Es cierto que Parásitos, aparte de su impecable factura técnica, ha escogido una estrategia de comunicación universal, con referentes estéticos que rebasan su origen geográfico. Tan solo en su parte final, en su desenlace apocalíptico, primero, y turbador, al fin, se aparta Bong Joon-ho de esa koiné que es reconocible hoy en cualquier lugar del mundo; pues todo lo demás puede encajar dentro de los parámetros incluso de la sociedad norteamericana: los protagonistas son atractivos, las condiciones de vida, lo mismo en el registro alto que en el bajo, son globales, y hay guiños a la cultura occidental en el arte, en el vestido, en las costumbres, en los retratos, por no hablar del espíritu hitchcockiano que recorre el filme. A ello hay que añadir, sin duda, el tono con que se aborda el planteamiento más o menos obvio que sugiere el argumento: la colisión entre dos mundos aparentemente muy distintos, el de quienes tienen todo y el de quienes no tienen nada apenas, que entrevisto desde la comedia se hace más digestivo que desde la perspectiva del árido enfoque social.

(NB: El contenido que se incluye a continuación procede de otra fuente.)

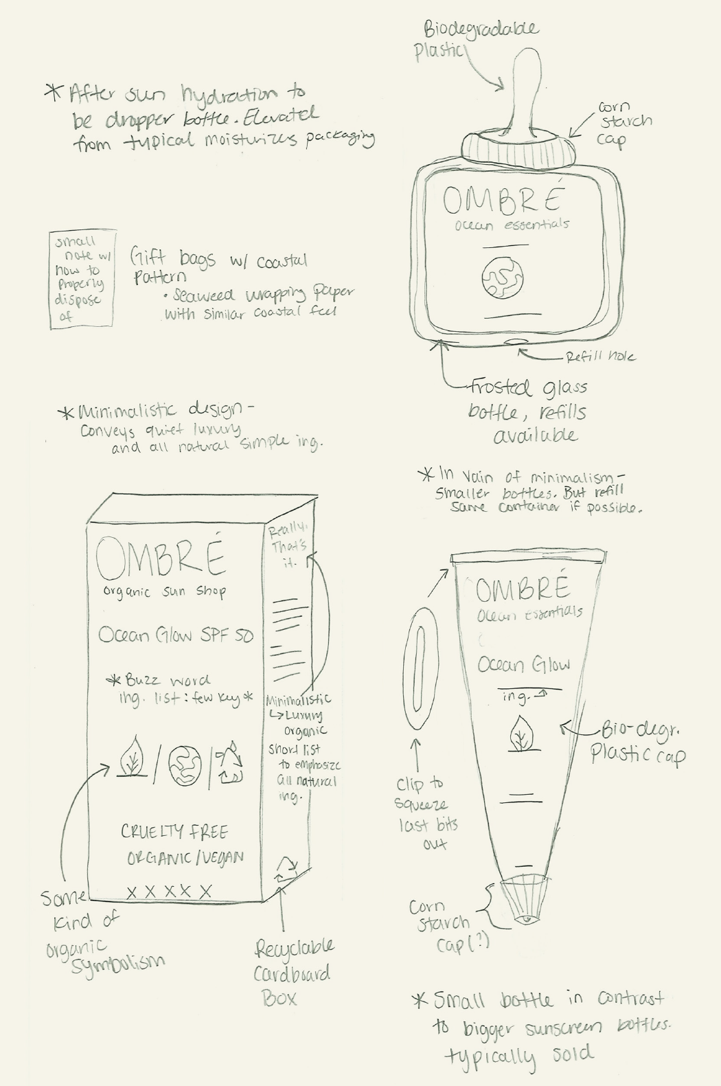 Ombre Organic Sun Shop is an organic cosmetic brand concept that is dedicated to pure beauty derived from nature. Ombre offers luxury skincare and make-up products crafted exclusively from natural and organic ingredients, free of harsh chemicals and harmful additives. Inspired by the luxurious and serene feel of this brand I began gathering inspiration for packaging that felt high quality and approachable.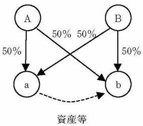 しかし、現実には、次のようなケースのaとbの分割であっても、対価を省略することに何の問題もないわけであり、「省略できる形態を示すもの」(上記引用)というだけでは、次のようなケースのaとbの無対価分割を非適格分割とする上記の適格判定の仕組みの理由を説明しきれない。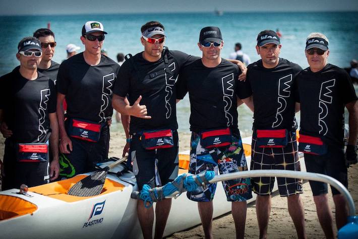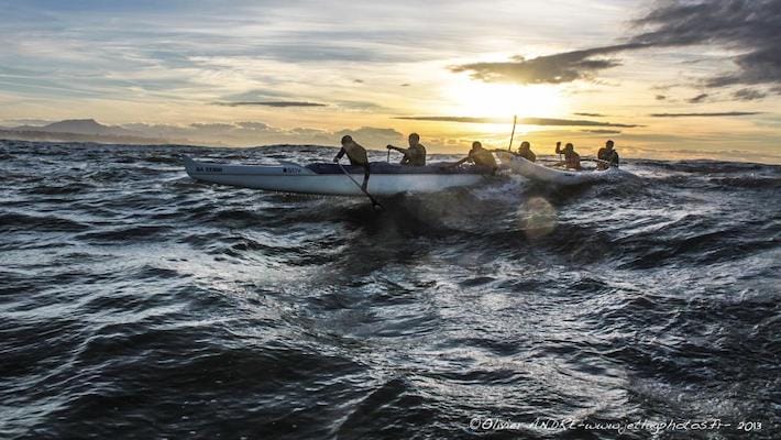 La V6 est une discipline à part entière. Tu prends des rameurs individuels et souvent individualistes et tu te fixes l’objectif d’en faire un équipage. C’est un sport collectif avant tout, tu viens ramer POUR et non avec le groupe. Chacun son rôle à bord, chaque rameur sait ce qu’il a à faire et assume ses responsabilités. Quand le groupe fonctionne alors tu peux t’amuser aussi bien dans les downwind sous les thermiques du soir ou sur une course majeure qui te colle plus de 5 heures sur l’eau ! La rame en équipe procure un sentiment différent, quand tu gagnes des courses avec des conditions de mer éprouvantes et au terme d’un beau combat avec tes concurrents, tu serres tes gars contre toi à l’arrivée et tu te délectes à refaire la course autour de quelques bières. Quand ça fonctionne ça devient un TEAM, on se connaît tous, on anticipe nos réactions, on prend soin les uns des autres… et on aime ramer ensemble.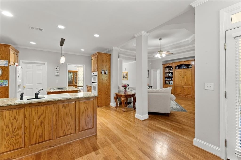 Looking for a private residence with loads of space and NO HOA? Welcome to this custom built ranch over basement home featuring 4 bedrooms, 3.5 baths, and a finished basement all situated on a flat 1.8 acre lot. This home sits back from the road with a extended private driveway leading to the 2 car, side entry garage with extra parking pad. Walk up to the charming covered front porch with cozy stone accents and seating areas complete with ceiling fans where you can relax and look over your property. Enter the home to be greeted by classic hardwood flooring, neutral paint, and loads of natural light. Just off the foyer is the formal dining room with direct access into the kitchen, making this a fantastic place to entertain. Continue on into the main living quarters where you will find an open concept space with your family room, kitchen, and breakfast nook. The family room offers custom features such as a double trey ceiling, builtins, and beautiful fireplace with wood mantle. Move into the kitchen where you will find wood cabinets, lots of counter space, a tile backsplash, granite countertops, a center island with storage, and a view into the family room. Just off the kitchen is a casual dining space, pantry, half bath, and laundry room with additional cabinets for storage. The oversized master suit offers a trey ceiling, direct access to the enclosed back porch, walk in closet, and an en suite bath. The master bath features a huge tile shower, soaking tub, and double sinks. The secondary bedrooms are also spacious and share the second full bath with double sinks and shower-tub combo. Move down to the finished basement where you will find loads of bonus living space to use in your own way. There are multiple flex spaces including a large media/secondary sitting room, game room, play room, gym, and home office. Additionally, another bedroom and full bath are located in the basement making this great for a guest area or teen suite. Enjoy multiple outdoor living spaces overlooking this sprawling, private 1.80 acre lot including the rocking chair covered front porch, a glass enclosed sunroom, a screened in back porch, an open air deck, and a covered lower patio off the basement. This flat lot has endless possibilities with plenty of space to add a pool, garden, fire pit, or animals. This home is centrally located with easy access to local shopping and restaurants, as well as top Cherokee County schools, and local parks. Enjoy seclude, private life all within minutes of multiple thriving Downtown areas with community events, additional restaurants, concerts and more. Downtown Ball Ground is just 15 minutes away, while Downtown Canton and Cumming are within 30 minutes, and Downtown Woodstock 45 minutes. This home really offers it all!

De esa colisión no sale nadie indemne, porque no hay personajes “buenos” ni equilibrados en Parásitos: es difícil escrutar hasta qué punto el determinismo que acompaña a los dos estratos sociales puestos en la picota es en realidad eso, determinismo, o tal vez incapacidad de desprenderse de las limitaciones propias (ese “olor” de los pobres que no desaparece, del que habla el rico Park). En ese sentido, es significativo el pasaje en que los Kim ocupan la vivienda de los Park: a pesar de sus estudios (sufragados por el estado coreano) y de su vivaz inteligencia natural, no pueden renunciar a comportarse como vándalos, como los impostores que realmente son. Se ha hablado de que la película expone los resultados extremos de una lucha de clases, lo cual no parece atinado. En realidad, Parásitos pone el dedo en la llaga de una extraña realidad cada vez más extendida y que, no obstante, nada a contracorriente en el sistema vigente: el hecho de que a pesar de tener todos los medios al alcance de la mano para modificar la realidad, esta sigue un curso dominado por reglas atávicas e inmutables. El acceso a la educación, antaño vía tan difícil como segura para labrarse el porvenir, hoy es un bien universal que ha quedado despojado de contenido y de posibilidades. Existe, en realidad, una cada vez más poderosa contracultura –aquel concepto tan certero de Roszak–, un movimiento creciente de hordas de alucinados por el sistema, de damnificados por el espejismo de que las libertades y la instrucción allanarían cualquier obstáculo y harían la vida más amable, de que todos ellos tendrían cabida en el Post-Paraíso ideal. Esas hordas ya han entrado en el sistema inmunológico del nuevo Edén y solo queda aguardar el resultado de la próxima analítica mundial.